Now the Gillard government is planning another tax increase in the May budget. If they are elected again, they will do it again. After 14 September, if Labor creep back, they will do it again, because they eye superannuation as a soft touch. Self-managed super funds have a value greater than the entire GDP in the Australian economy. The government want a crack at that as well. They have already started by putting in new requirements on registering the auditors that are looking at it—and there are fees there, and we are yet to hear what the fees actually are. The government are ready to jack that up as well.

There have been constraints on activity in self-managed super funds, and the government describe this as all part of some kind of class war, where they are looking after low-income people and getting stuck into the rich. But when one asks what the rich person is, they seem to be pretty average Australians. Their income is not some biblically huge amount. It is a modest income at a time when their households are facing cost of living pressures as well. When you look at superannuation, it is where the vast majority of the Australian public fund their retirement. The really super rich have got other avenues. The vast bulk of the Australian public use superannuation.

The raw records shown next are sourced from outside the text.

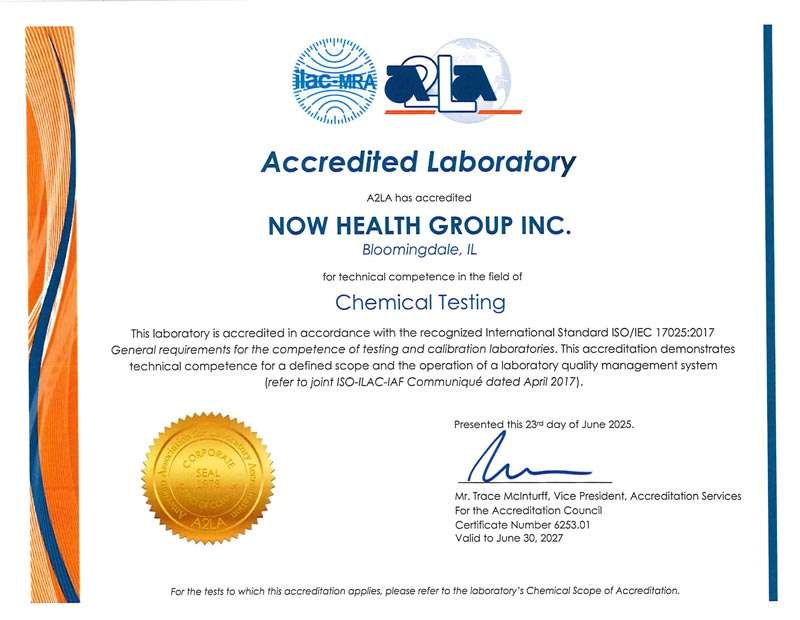 NOW®, the largest independent and family-owned manufacturer of natural products, is proud to announce that NOW’s in-house laboratories have successfully expanded the scope of its ISO 17025 accreditation by the American Association for Laboratory Accreditation(A2LA)in both the chemical and biological fields. The accreditation process involved a thorough assessment and review of the lab’s quality management system and competence.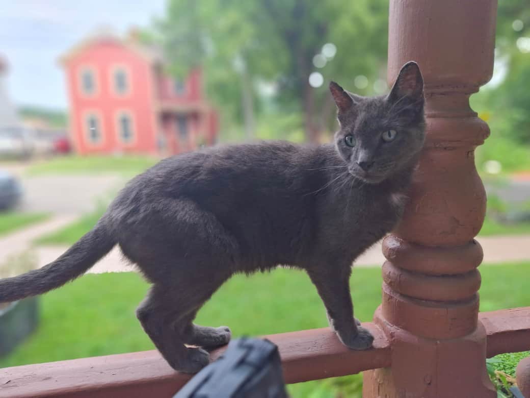 When we first visited the house, we were greeted by someone we didn't expect - a friendly grey cat sitting on the porch. After closing on the home almost two months later, we were once again greeted by this friendly kitty. We made fast friends, especially when she got very used to us feeding her first thing in the morning!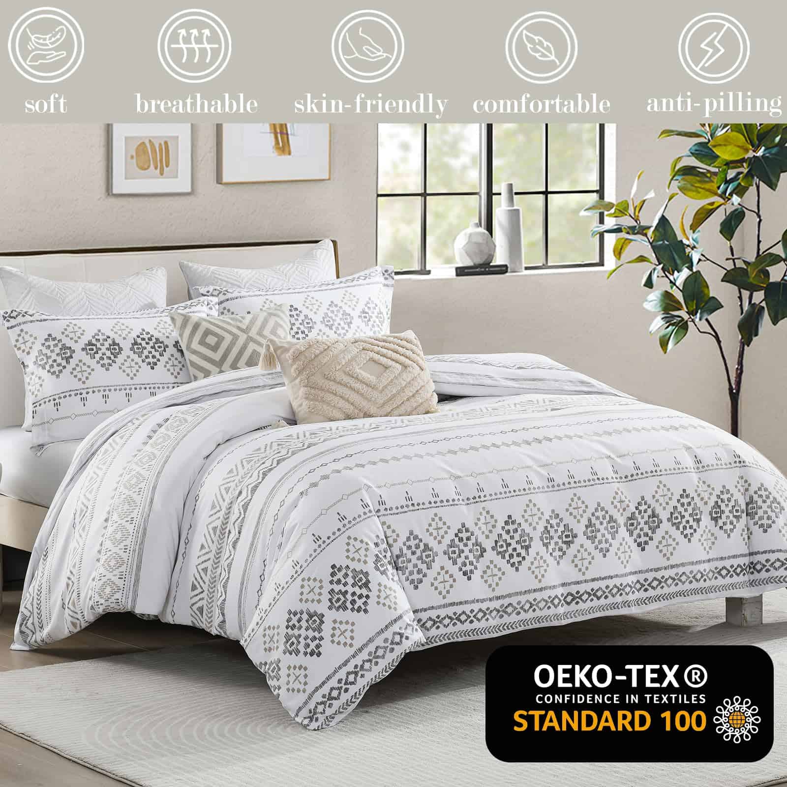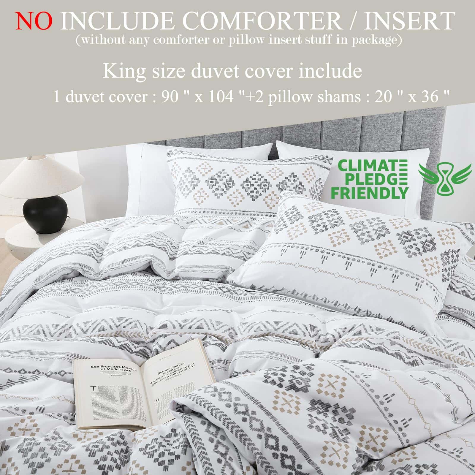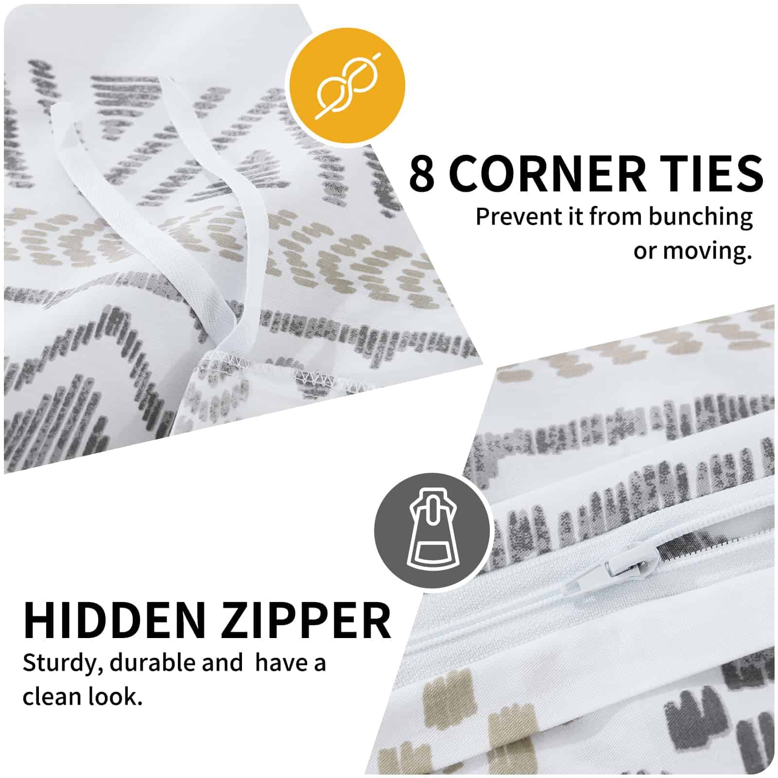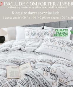 1. JUEGO DE FUNDA DE EDREDÓN DE ALGODÓN 100% La funda de edredón king size de Quilta está hecha de algodón puro de alta densidad de 400TC, es amigable con la piel, cómoda y transpirable, suave, no se apelmasa, sin arrugas, fácil de lavar en lavadora y nunca se desvanece. El alto nivel de suavidad y confort te permite dormir tranquilamente y cómodamente toda la noche. El set de funda de edredón king con temperatura adecuada es adecuado para todas las estaciones. 2. CIERRE CON CREMALLERA Y 8 LAZOS DE ESQUINA En comparación con los botones tradicionales, la cremallera lateral invisible de metal es más rígida, por lo que puedes insertar y quitar el edredón con más facilidad. Los ocho lazos de esquina con material natural pueden mantener el edredón fijo en la funda y en su lugar, el lazo no se caerá y se puede utilizar de forma segura. Nuestro juego de funda de edredón king size puede proteger eficazmente tu edredón y almohada de arañazos y rasgaduras. 3. FUNDA DE EDREDÓN BOHO El patrón de nuestra funda de edredón king presenta un patrón bohemio de varias formas de diamante y líneas. El alto nivel de tecnología de teñido permite que el patrón de color se fije permanentemente, permanezca brillante y nunca se desvanezca. El estilo bohemio simple pero magnífico es un arte de moda, que le da a tu habitación una sensación de lujo. Cuando abres la habitación después de un día ajetreado, sentirás una sensación de felicidad. 4. ESTÁNDAR 100 de OEKO-TEX Tenemos la certificación OEKO-TEX Standard 100. El proceso de producción de la funda de edredón king size cumple con los estándares internacionales. Nos aseguramos que la calidad del set de funda de edredón es de primera calidad y los consumidores pueden utilizarlo con seguridad. 5. INSTRUCCIONES DE CUIDADO Para mantener tu set de funda de edredón de algodón boho luciendo lo mejor posible, lávalo a máquina por separado en agua fría y sécalo a baja temperatura. No uses blanqueador, ya que puede dañar la tela. 6. ¿QUÉ RECIBIRÁS? 1 funda de edredón king size: 90″ x 104″ + 2 fundas de almohada: 20″ x 36″ (Sin edredón). El set de funda de edredón king no es un set de edredón, sin ningún relleno de edredón o almohada en el paquete. El set de funda de edredón de Quilta con un embalaje exquisito también es un excelente regalo para bodas, cumpleaños, Navidad, vacaciones y más.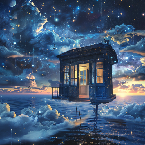 A floating cabin suspended between the stars and the ocean, its walls transparent and filled with shifting galaxies, with the floor made of clouds and the door opening into infinity, representing the intersection of dreams and reality. Art Style: Surreal Dreamscape --v 6.0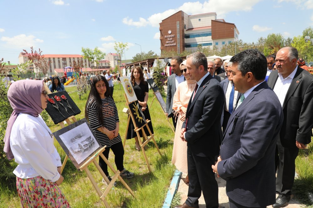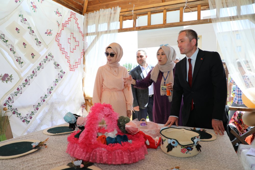 İlçe Halk Eğitim Merkezi Müdürlüğü tarafından 15 Temmuz Şehitleri Parkında düzenlenen serginin açılışına İl Milli Eğitim Müdürü Hasan Kökrek, İlçe Belediye Başkan Vekili Celal Çarkçı, İlçe Milli Eğitim Müdürü Burhan Kurt, AK Parti Eleşkirt İlçe Başkanı Taner Kazak, Milli Eğitim Şube Müdürü Mehmet Özmüş, Eleşkirt Kaymakamı Murat Güneş’in eşi Elif Hatice Güneş, kurum yetkilileri ve vatandaşların katıldı. Sergiyi gezen İl Milli Eğitim Müdürü Hasan Kökrek, kursiyerlerin el emeği göz nuru ürünlerini inceleyerek ürünler hakkında ilgililerden bilgi aldı. Emeği geçenlere teşekkür eden Kökrek, büyük emeklerle harika ürünlerin ortaya çıktığı sergideki ürünlerin göz kamaştırdığını belirtti.

When you start messing with the super rules, you start moving those goalposts and it affects everybody. It certainly affects younger people. They become more reluctant to contribute because they are uncertain about what is going to come next. They are not confident that the arrangement they are entering into now will be the one that will be sustained throughout their working life, and that instability causes them to be less attracted to superannuation. For the mature aged, they are worried about those cost of living pressures. When you see another tax attack on them that eats not only into their retirement nest eggs but potentially into their income as well, they are getting cost of living pressures coming at them as well as the government taking away more of their retirement income capacity from them.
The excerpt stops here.